● **Required action**
For this exercise, write out only the lines of the entries below from the one with "in art | ||||" up to and including the one with "عملية زرع العظم", exactly as they are. Pictures stay out.

(Entries taken from a collection)
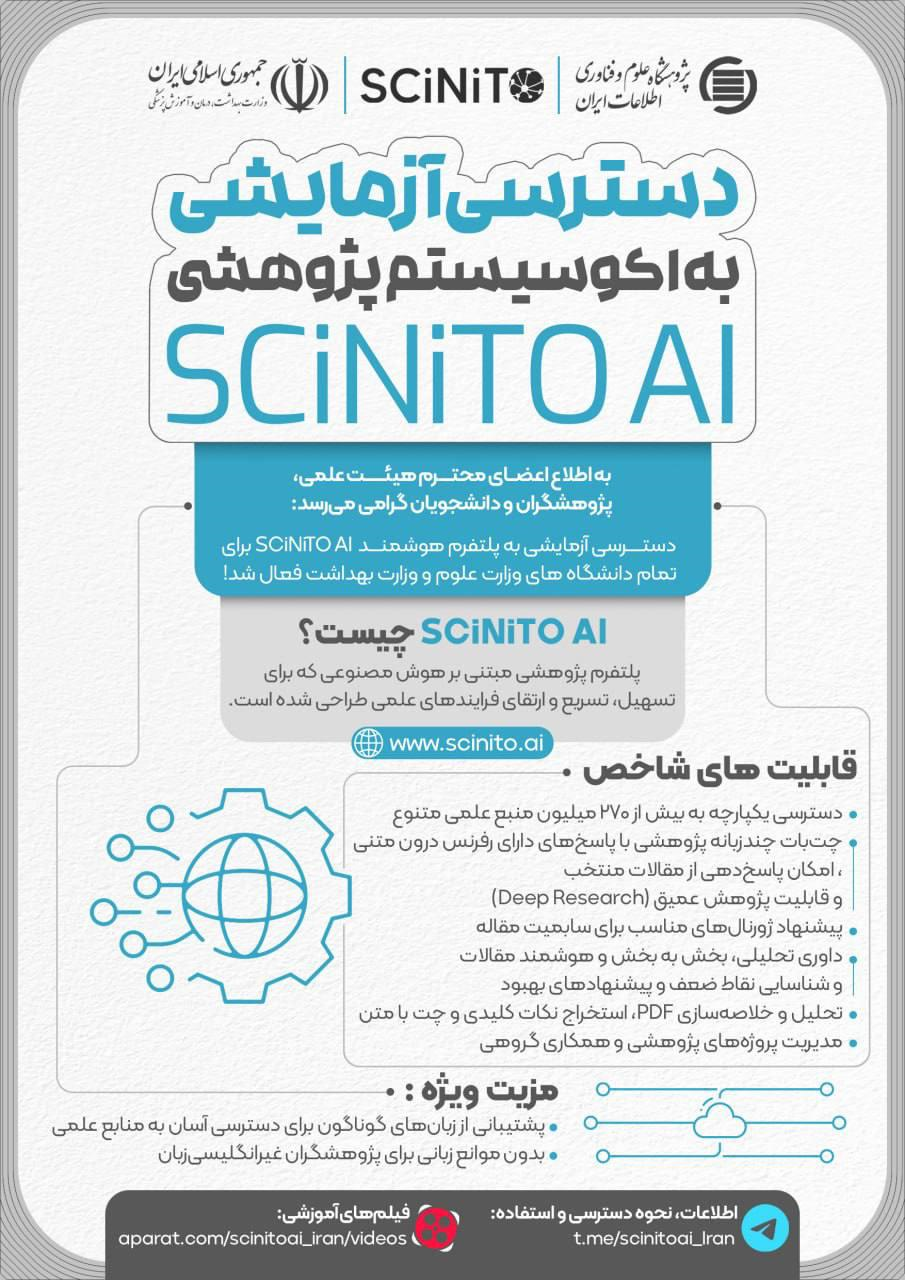 به اطلاع اعضای محترم هیأت علمی، پژوهشگران و دانشجویان گرامی میرساند دسترسی آزمایشی به پلتفرم پژوهشی SCiNiTO AI فعال شده است.
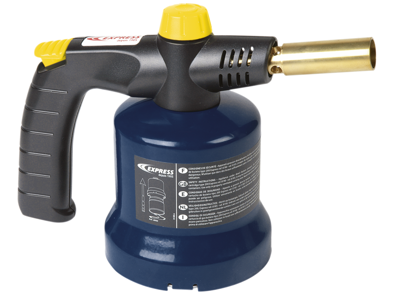 Blæselampe med Piezotænding, ergonomisk håndtag og metalklokke til beskyttelse af gasbeholderen. Forbrug 110g/time. Kapacitet 1,5kW. Flamme ø6×60 mm. Brænder ø16 mm. Maks. temp. ca. 1.800°.
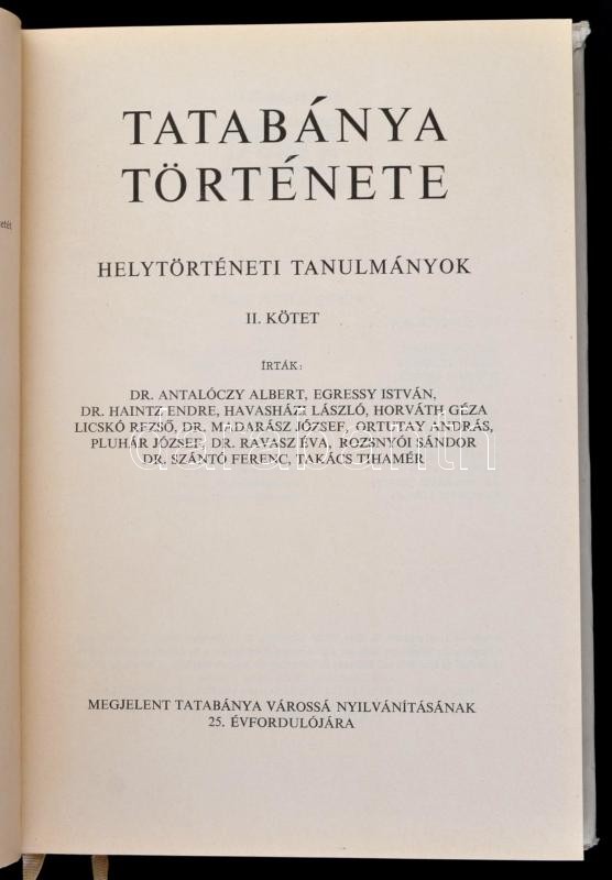 Tatabánya története. Helytörténeti tanulmányok II. kötet. Szerk.: Gombkötő Gábor-Horváth Géza-Dr. Ravasz Éva-Rozsnyói Sándor-Dr. Szántó Ferenc. Tatabánya, 1972, Tatabányai Városi Tanács VB. Kiadói egészvászon-kötés, kiadói papír védőborítóban. Megjelent 2500 példányban. Csak II. kötet.
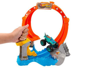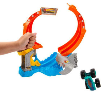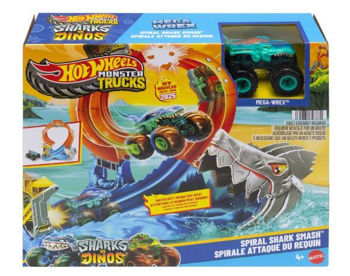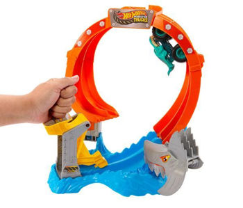 Plasează camionul Mega-Wrex la scară 1:64 în lansator și trimite-l într-o spirală amețitoare. Cu suficientă forță, va traversa bucla și va doborî rechinul, rupând pista în două. Dacă lansarea este prea slabă, camionul va fi prins în gura monstrului!
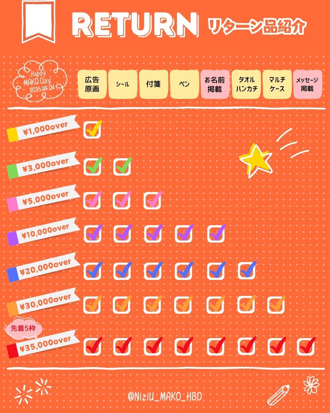 ・支援時に入力できる「応援メッセージ」は、NiziUメンバー宛ではなく、本プロジェクト企画者宛になっておりますのでご注意ください。
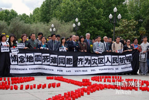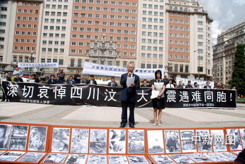 旅居西班牙的華僑華人二十一日在馬德里舉行燭光會,悼念四川汶川地震遇難的同胞。吳衛(wèi)中 攝
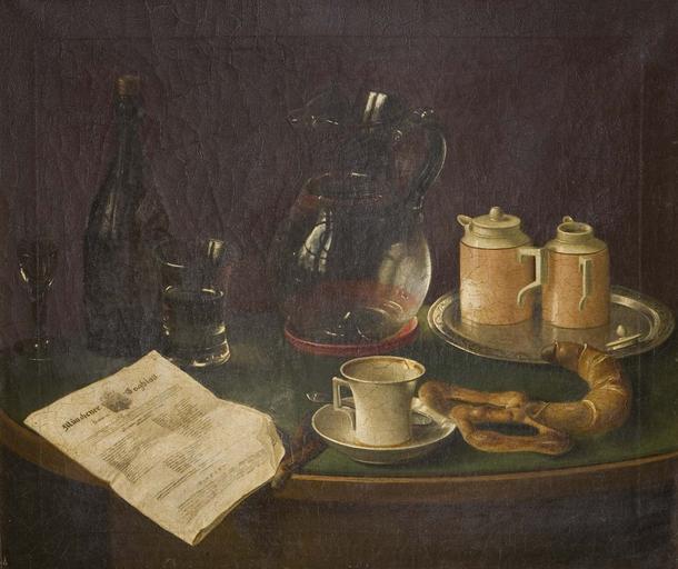 | Keywords: Brotzeit-Stilleben München 19Jh.jpg Brotzeit-Stilleben mit Gefäßen für Café Wasser und Likör sowie einer Brezel und dem Münchener Tagblatt Öl auf Leinwand unsigniert 56 x 66 cm http //www auktion-bergmann de/ Auktionshaus Bergmann century 19 Creator Unknown PD-old-100 Images from Auktionshaus Bergmann Still life paintings of tableware Still life paintings of bread Newspapers in art | ||||
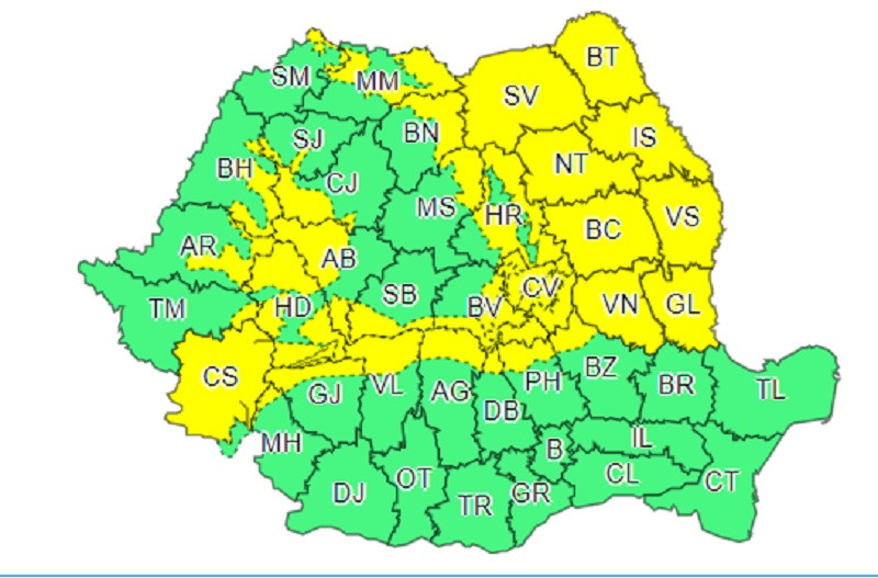 Potrivit ANM, avertizarea meteo este valabilă de sâmbătă, ora 18:00 până luni, ora 06:00.
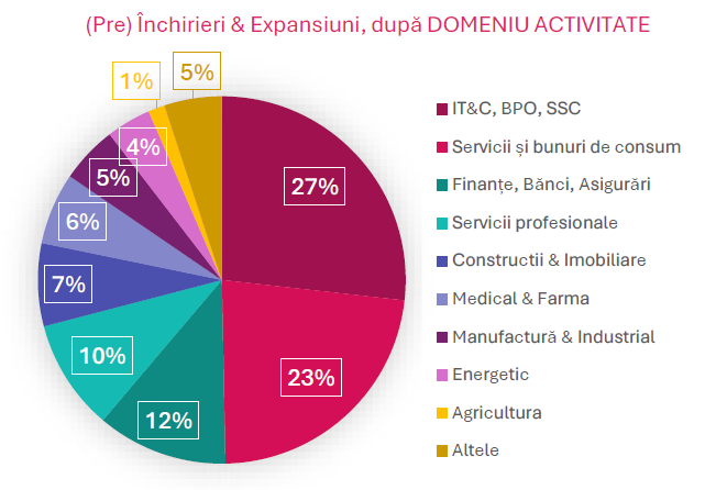 Domeniul IT&C, BPO, și SSC continuă să fie lider după cota de piață în 2025, cu 27% din totalul tranzacțiilor de birouri.
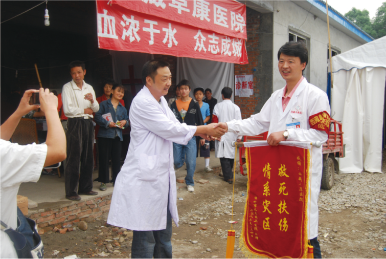 绵竹市灾区人民口口相传,说九龙镇来了西藏的医生,给他们带来了最好的医护人员和治疗设备。这样的信息一传十、十传百,到后来,九龙镇方圆数十公里的村民都赶过来看病治疗。
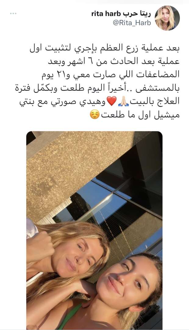 وكتبت ريتا حرب:"بعد عملية زرع العظم بجري لتثبيت أول عملية بعد الحادث من 6 أشهر، وبعد المضاعفات اللي صارت معي و21 يوما بالمستشفى، أخيراً اليوم طلعت وبكمّل فترة العلاج بالبيت وهيدي صورتي مع بنتي ميشيل أول ما طلعت".
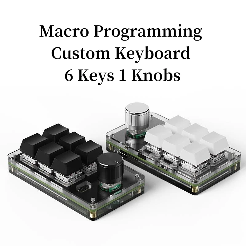 Comprar Teclado personalizado con programación de macros Teclado mecánico de 6 teclas, 1 perilla Teclado para una mano Retroiluminación RGB Atajo de una tecla Copiar Pegar Teclado Windows IOS Tipo C Sin controlador Intercambio
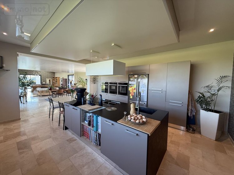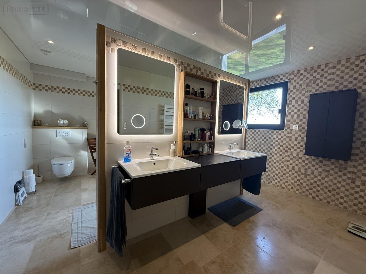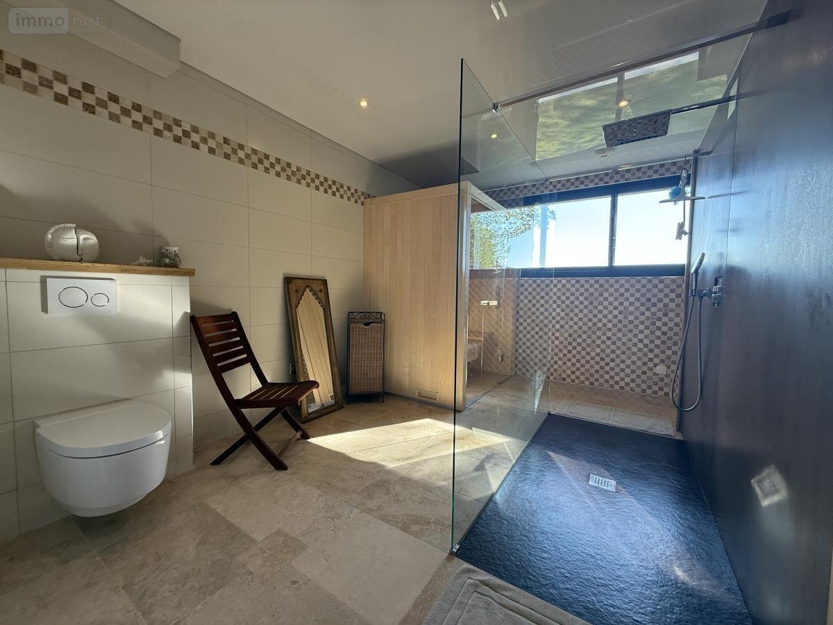 Dans le prolongement du hall, une chambre ou bureau (avec rangements, double poste de travail) avec accès direct sur le jardin, une cuisine moderne entièrement équipée avec espace repas, un séjour avec plafond tendu et son éclairage LED offrant un petit coin détente et un salon avec son insert bois pour les soirées d'hiver tout en profitant de la vue panoramique. Vous serez agréablement surpris par la vaste suite parentale avec son dressing indépendant, la salle d'eau avec sa douche italienne, son ensemble double vasques, wc et le must...un sauna.
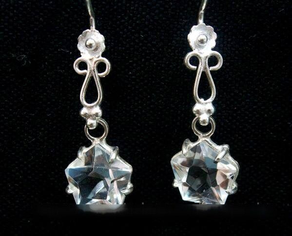 Brinco Pentagrama Pedra Cristal, a montagem PRATA 950 com Caixa para as pedras com gancho anzol para segurar o pentagrama pequenos e leves.
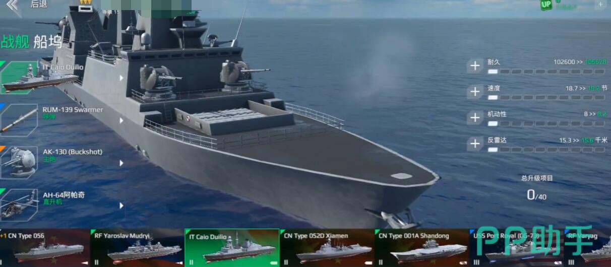 后期升级可以导弹替换为东风-17(变轨突防)。升级双波段雷达提升探测距离,优先锁定敌方指挥舰或航母。导弹(如SSM-700K海星)升紫后伤害提升约30%,且装填时间缩短,适合快速清场脆皮目标。鱼雷和火箭炮作为次要输出,建议升到蓝色品质后暂停,确保基础伤害达标即可,后续再逐步强化。
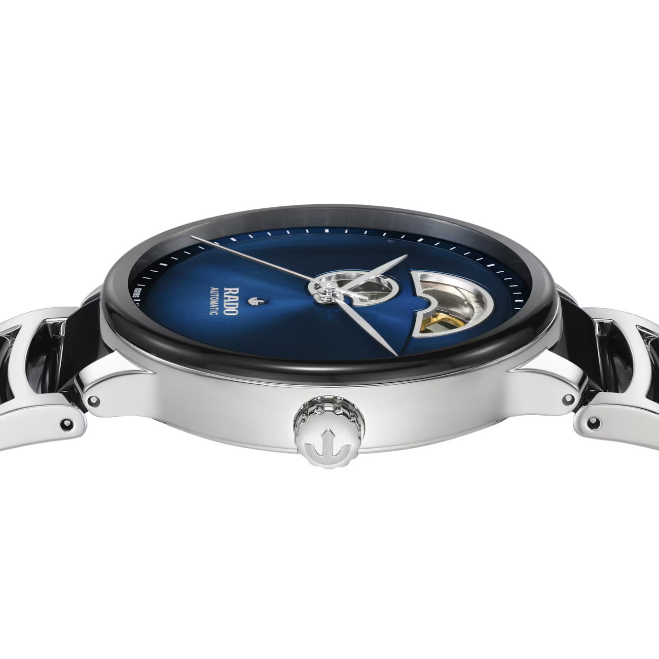 De Rado Centrix Automatic Open Heart R30012202 horloge is stijlvol met zijn blauwe analoge wijzerplaat en zilverkleurige, ronde keramische kast van 39,5 mm. Het heeft een zwart keramisch bandje, saffierglas en is waterdicht tot 5 bar. Het horloge is automatisch en niet-allergeen. Ideaal voor dagelijks gebruik en formele gelegenheden. Draag het met vertrouwen en verfijning.
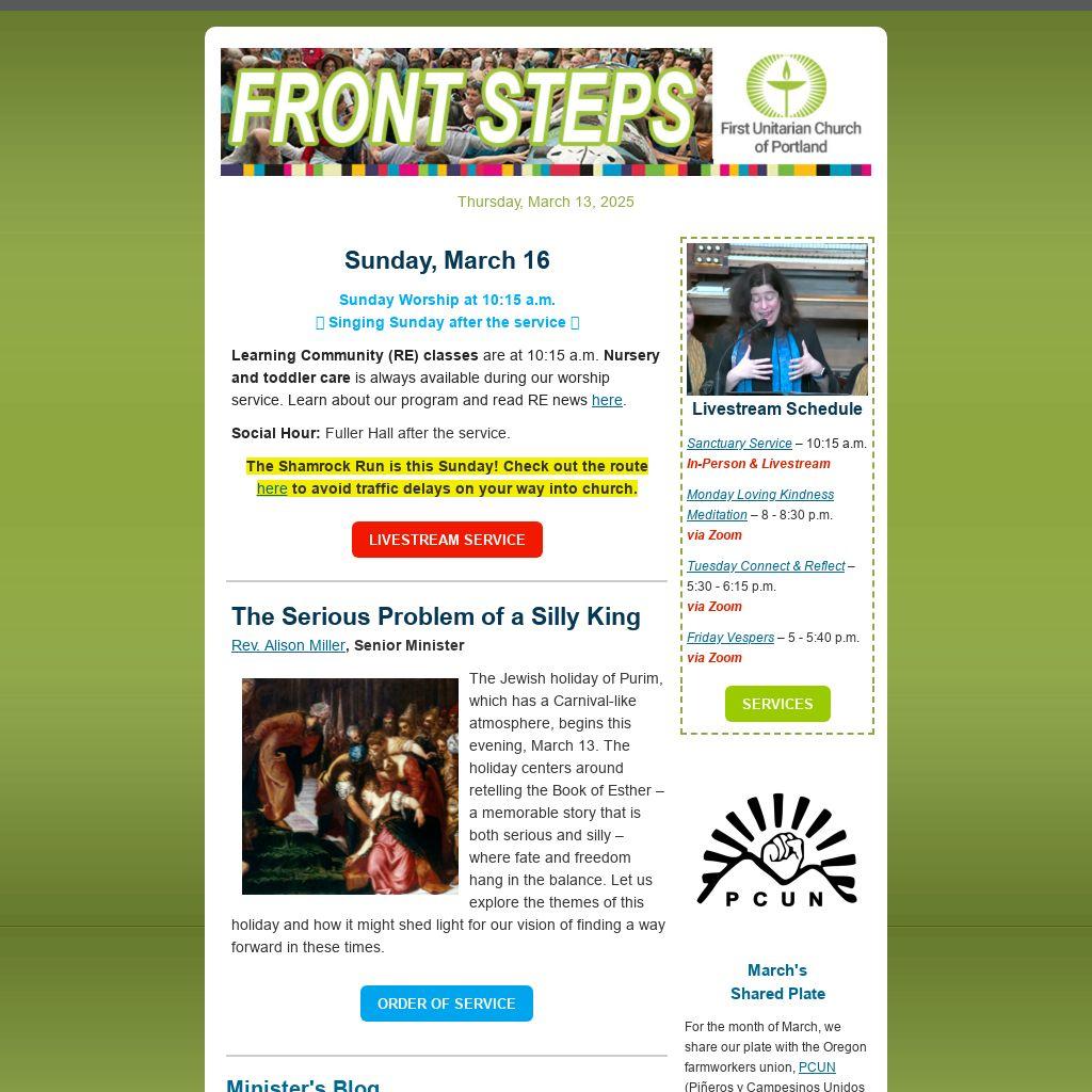Got something for Front Steps? Send in your church-related submission for our weekly publication. Use "Front Steps" as the subject line and submit here.

● **Response**
 | Keywords: Brotzeit-Stilleben München 19Jh.jpg Brotzeit-Stilleben mit Gefäßen für Café Wasser und Likör sowie einer Brezel und dem Münchener Tagblatt Öl auf Leinwand unsigniert 56 x 66 cm http //www auktion-bergmann de/ Auktionshaus Bergmann century 19 Creator Unknown PD-old-100 Images from Auktionshaus Bergmann Still life paintings of tableware Still life paintings of bread Newspapers in art | ||||
 Potrivit ANM, avertizarea meteo este valabilă de sâmbătă, ora 18:00 până luni, ora 06:00.
 Domeniul IT&C, BPO, și SSC continuă să fie lider după cota de piață în 2025, cu 27% din totalul tranzacțiilor de birouri.
 绵竹市灾区人民口口相传,说九龙镇来了西藏的医生,给他们带来了最好的医护人员和治疗设备。这样的信息一传十、十传百,到后来,九龙镇方圆数十公里的村民都赶过来看病治疗。
 وكتبت ريتا حرب:"بعد عملية زرع العظم بجري لتثبيت أول عملية بعد الحادث من 6 أشهر، وبعد المضاعفات اللي صارت معي و21 يوما بالمستشفى، أخيراً اليوم طلعت وبكمّل فترة العلاج بالبيت وهيدي صورتي مع بنتي ميشيل أول ما طلعت".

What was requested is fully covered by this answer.